Many tasks of machine learning can be posed as optimization problems. One comes up with a parametric model, defines a loss function, and then minimizes it in order to learn optimal parameters. One very powerful tool of optimization theory is the use of smooth (differentiable) functions: those that can be locally approximated with a linear functions. We all surely know how to differentiate a function, but often it’s more convenient to perform all the derivations in matrix form, since many computational packages like numpy or matlab are optimized for vectorized expressions.

In this post I want to outline the general idea of how one can calculate derivatives in vector and matrix spaces (but the idea is general enough to be applied to other algebraic structures).

### The Gradient

What is the gradient? Recall that smooth function (for now we’ll be considering scalar functions only) \(f : \mathcal{X} \to \mathbb{R}\) is one which is approximately linear within some neighborhood of a given point.

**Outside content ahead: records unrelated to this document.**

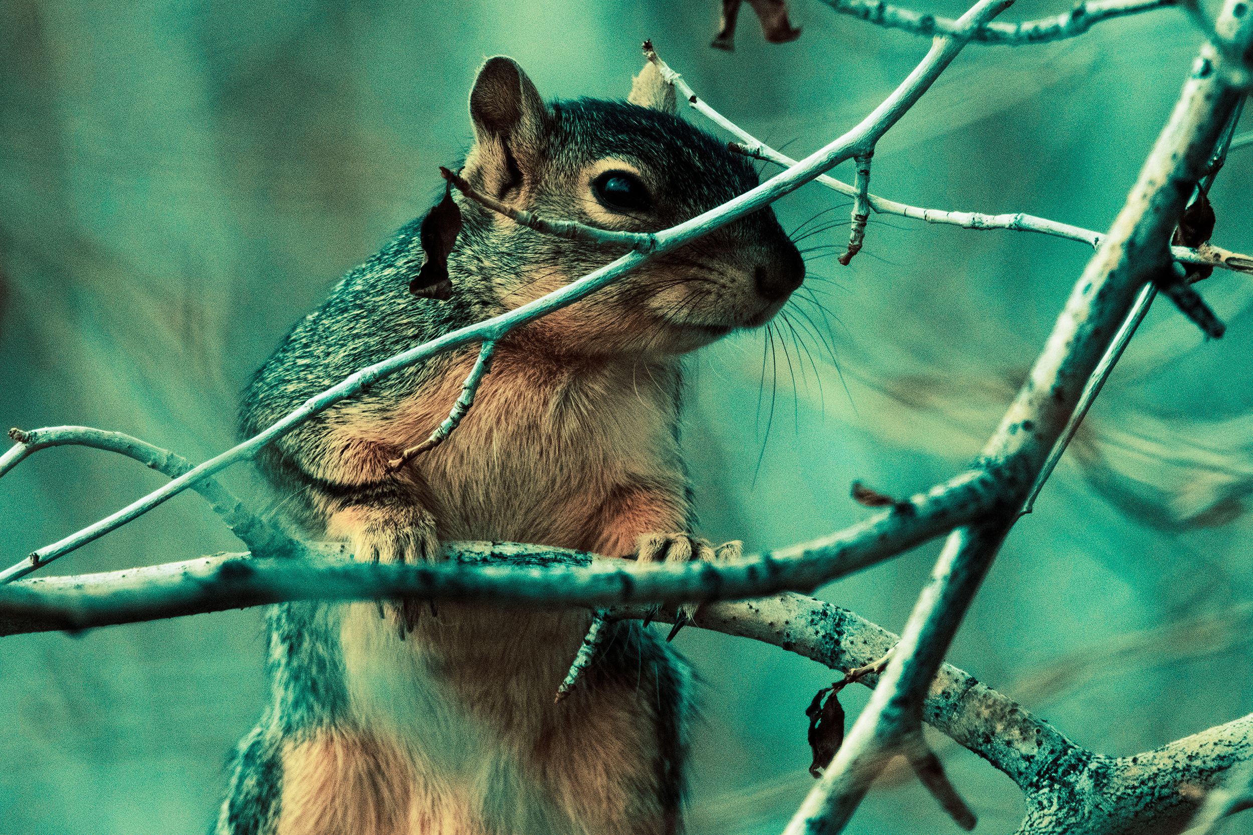 Standing Squirrel Peeking Over Tree Branch (Cyan Tint)
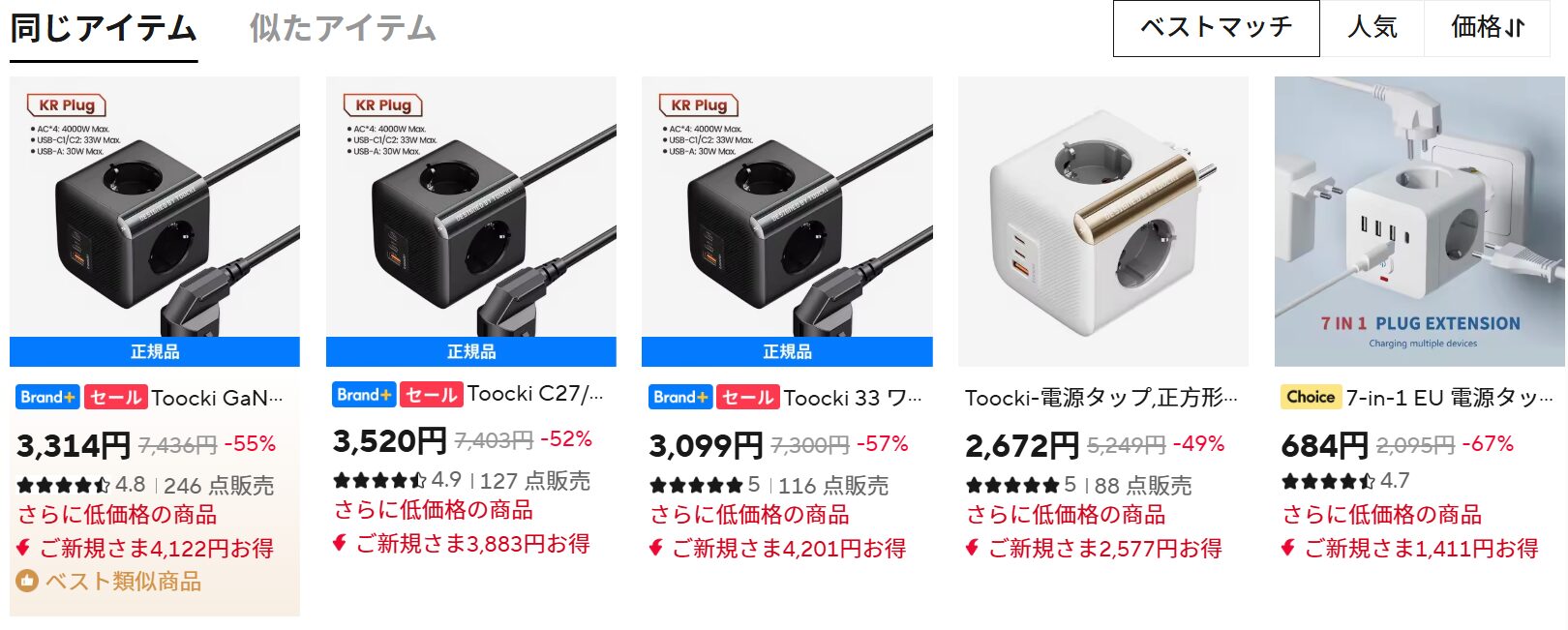 目的の商品を直接探せるだけでなく、より重要なのは、ワンクリックで複数セラーの価格比較ができる点です。複数の販売者の価格、評価、販売数を簡単に比較でき、最もコスパの高い選択ができます。
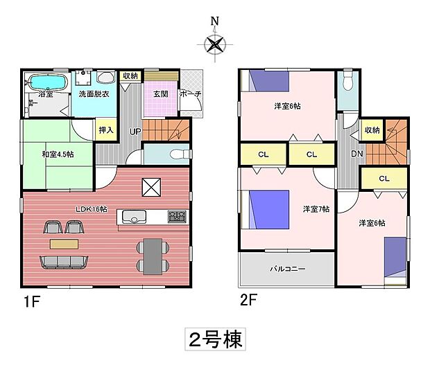 間取り内訳:洋室 7帖(2階)・リビングダイニングキッチン 16帖(1階)・和室 4.5畳(1階)・洋室 6帖(2階)・洋室 6帖(2階)
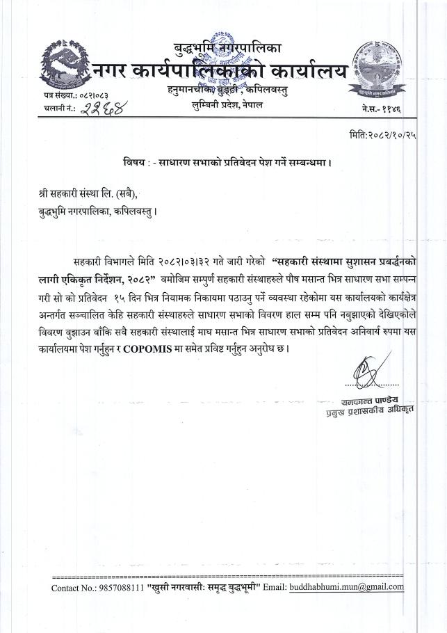 बुद्धभूमी नगरपालिका नागरिक वडापत्र
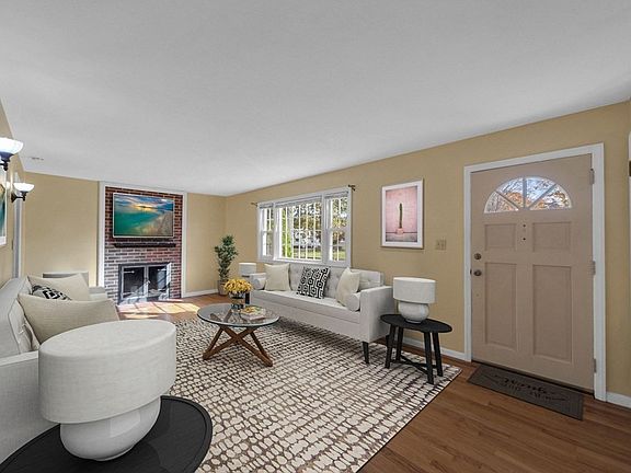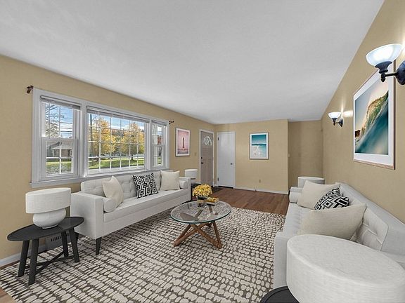 Great location near schools, park, business districts, airport, highway access and more. Comfortable 1,584 SF, 7 room, 3 bedroom 1.5 bath Ranch with breezeway family room & attached 2 car garage has it all! Updated windows & vinyl siding added in 2007, HVAC NEW IN 2023! You will love the floor plan flow that features a large vaulted ceiling family rm, fireplaced living rm, front bedroom big enough to fit a king size bed, darling built-in reading nook in one bedroom, kitchen/dining room combo. There's a multi-purpose room; w/exterior access to deck & backyard, which has a closet that backs to plumbing, a potential location for a 1st floor laundry. Full bath is tastefully appointed & half bath is handily located off the kitchen. Below boasts a sizable finished play/media room, great for a home gym. Huge work bench remains along with many storage shelves. Large, fenced-in backyard is perfect for pets or gardens & has a shed for extra storage. Amazing potential & excellent value here!

That means \(f(x + dx) - f(x) = \langle g(x), dx \rangle\) (think of \(dx\) as of a very small perturbation of \(x\)) where \(\langle \cdot, \cdot \rangle\) denotes the dot product in the space \(\mathcal{X}\), and \(g(x)\) is called the **gradient** of \(f(x)\) at the point \(x\) (we’ll be using the nabla notation from now on: \(g(x) = \nabla f(x)\)).

For example, for functions of one variable (\(\mathcal{X} = \mathbb{R}\)) we have \(\langle a, b \rangle = a b\), for functions of several variables (\(\mathcal{X} = \mathbb{R}^n\)) it’s the usual dot product \(\langle a, b \rangle = a^T b\), and for functions of matrices (\(\mathcal{X} = \mathbb{R}^{n \times m}\)) it generalizes vector dot product: \(\langle A, B \rangle = \text{Tr}(A^T B)\).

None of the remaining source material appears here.